Task objective: Images do not belong in the copy. Set down all the entries exactly.

*** Opening of Data for review ***

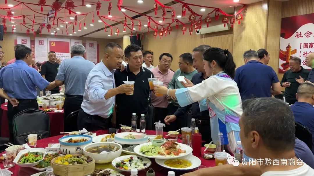 贵州省文化厅原副厅长邓健,贵州省布依学会常务副会长兼秘书长,贵州民族大学教授白明政,贵州省布依学会副会长、贵阳市布依学研究会会长,贵阳学院教授周国茂,黔西南州人民政府驻贵阳办事处主任、一级调研员蔡平、黔西南州人民政府驻贵阳办事处原主任、一级调研员席大中,贵州省职工书法家协会主席卢富华,民革中央企联会副秘书长、贵州学派学术委员会秘书长殷平以及黔西南在筑乡友代表,友好兄弟商协会代表等一百余位嘉宾到会欢聚一堂,共叙乡情,共话发展。
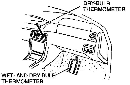 9. After the air conditioning stabilizes, read the wet- and dry-bulb thermometer, and then calculate the relative humidity by using the graph shown.
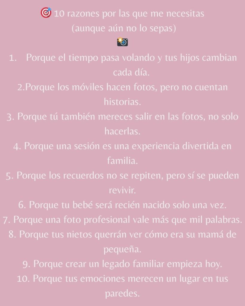 Pero también sé que un pequeño acto de consciencia —como reservar una sesión de fotos— puede convertirse en un regalo eterno para ti y los tuyos.
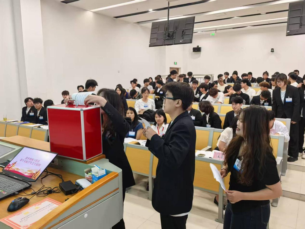 随后,大会步入投票选举阶段,现场秩序井然。代表们依次走上讲台进行投票,通过差额选举的方式,在6名候选人中孟浏、汪翔、陈文聪同学脱颖而出,成为开云手机官方版页面登录入口机械工程系第十五届学生会主席团成员。
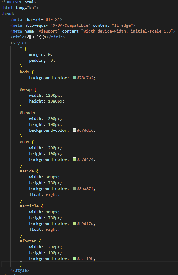 이후 모든 블록레벨요소를 자식으로 두고 있던 부모블록요소 <div id="wrap">에 margin: 0 auto; 를 넣어주면 모든 블록 레벨요소들이 중앙으로 가게되어 레이아웃 하나가 완성 됩니다.

*** Close of Data for review ***

Exercise response:
 贵州省文化厅原副厅长邓健,贵州省布依学会常务副会长兼秘书长,贵州民族大学教授白明政,贵州省布依学会副会长、贵阳市布依学研究会会长,贵阳学院教授周国茂,黔西南州人民政府驻贵阳办事处主任、一级调研员蔡平、黔西南州人民政府驻贵阳办事处原主任、一级调研员席大中,贵州省职工书法家协会主席卢富华,民革中央企联会副秘书长、贵州学派学术委员会秘书长殷平以及黔西南在筑乡友代表,友好兄弟商协会代表等一百余位嘉宾到会欢聚一堂,共叙乡情,共话发展。
 9. After the air conditioning stabilizes, read the wet- and dry-bulb thermometer, and then calculate the relative humidity by using the graph shown.
 Pero también sé que un pequeño acto de consciencia —como reservar una sesión de fotos— puede convertirse en un regalo eterno para ti y los tuyos.
 随后,大会步入投票选举阶段,现场秩序井然。代表们依次走上讲台进行投票,通过差额选举的方式,在6名候选人中孟浏、汪翔、陈文聪同学脱颖而出,成为开云手机官方版页面登录入口机械工程系第十五届学生会主席团成员。
 이후 모든 블록레벨요소를 자식으로 두고 있던 부모블록요소 <div id="wrap">에 margin: 0 auto; 를 넣어주면 모든 블록 레벨요소들이 중앙으로 가게되어 레이아웃 하나가 완성 됩니다.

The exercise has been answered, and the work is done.